London - Insurance and pensions heavyweight Standard Life became the first major company to warn it could move parts of its business out of Scotland if Scots split from the United Kingdom, dealing a blow to the independence movement.
The company, which has been based in Scotland for 189 years, announced on Thursday that it had a contingency plan to partly move from Scotland, potentially putting 5 000 jobs at risk.
Chief executive David Nish said it had started setting up registered companies in England "as a precautionary measure" into which it could transfer operations if Scots voted on September 18 to end a 307-year union with England.
Nish said the steps were necessary due to uncertainty over how an independent Scotland would work, including what currency it would use and if it would achieve its goal of European Union membership.
A war over currency has ignited the independence debate in recent weeks, with Scottish leader Alex Salmond wanting to share the pound in a currency union but the rest of the British parties rejecting this proposal.
Nish stressed Standard Life was maintaining a position of "strict political neutrality".
"We have started work to establish additional registered companies to operate outside Scotland into which we could transfer parts of our operations if it was necessary to do so," Nish told reporters on a conference call on Thursday.
"This is a precautionary measure to ensure continuity of our business' competitive position and to protect the interests of our stakeholders."
Scotland is home to the second largest financial services industry in the United Kingdom, employing about 85 000 peoople directly and another 70 000 in support companies.
Standard Life, with 5 000 staff in Scotland, currently manages more than £244bn of assets for its clients, around 90 percent of whom are based outside Scotland.

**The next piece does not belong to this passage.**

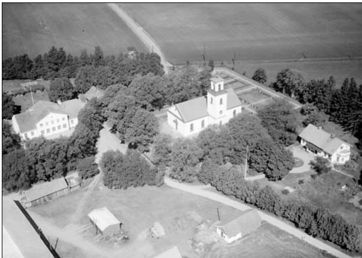
Flygbild över kyrkan och prästgården 1959.

So far few businesses have publicly stated their plans for what they would do if Scotland did become independent as the likelihood of a "Yes" vote had seemed remote.
But with the nationalists starting to gain ground in the polls, with about 37% support compared to 47% opposition to independence, increasing numbers of business leaders have started to point out possible risks.
A poll by executive search firm Korn Ferry released this week found 65% of chairperson of 32 FTSE 100 companies said it would be bad for business if Scotland became independent.
Ronnie Ludwig, a senior tax adviser in Edinburgh for financial advisory firm Saffery Champness, said Standard Life taking a public stand about a possible move to England was significant and could prompt others to follow suit.
"The lack of certainty over the pound, EU membership and the tax regime, be it corporate or personal, is driving a culture of, at worst, fear and some are starting to run for cover," Ludwig told Reuters.
"Companies want the familiar so it makes sense for them to head to England...and if Standard Life are doing this then I am sure other life companies and banks are thinking the same."
A spokesperson for Salmond's office was not immediately available for comment on the Standard Life statement.
Salmond has argued that the British parties are bluffing and if there was a vote for independence in September they would be willing to enter negotiations as a shared currency was important for both sides of the border due to large amounts of trade.